Warder Ram Mehar told in his evidence that he did not disclose the noises coming from barrack no. 7 to any of the senior officers of the jail and had only informed the patrolling staff. This was at variance with his statement to the police.
However, during cross-examination, he said he had informed assistant superintendent P S Rana, superintendent D S Rana, deputy superintendent D S Sandhu, warder Nishan Singh and chakkar hawaldar Inder Singh about the noises but he was asked to “keep doing his duty as the matter was already in their notice”.
Another warder, Jagtar Singh who was later promoted as a head constable, had stated in his examination in chief that he had informed about the noises from barrack no. 7 to Nishan Singh, while in his statement to the police he had stated that he had also informed senior officers. After this, he was declared hostile. However, in his cross-examination, Jagtar Singh said he had informed senior officers too.
Explaining the change in the stance of the officials, district attorney Rajinder Singh said, “These witnesses were declared hostile to help the prosecution. These officials were not able to remember properly the facts they had mentioned in their statements to the police. So to aid them in remembering, the judicial process involved declaring them hostile so that the prosecution can be helped.”

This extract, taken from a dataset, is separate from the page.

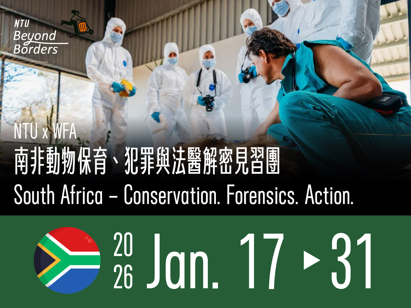 想深入非洲保育前線,揭開非法野生動物交易與鑑識的神秘面紗嗎?邀請你加入「臺大南非動物保育、犯罪與法醫解密見習團」,與Wildlife Forensic Academy 一起投入實地野生動物保育與司法鑑識行動!

Public Prosecutor J P Singh said, “These witnesses were examined after a gap of almost a decade. They were declared hostile so that they could be shown the statements they gave to the police at the time of the investigation. If their hostility affects the case at the time of the result, then an action is made out against them.”
The two claimed that these witnesses, in their cross-examination, had admitted to all facts which helped the prosecution. J P Singh said that at the time when they deposed in the court, the warders were under “pressure”.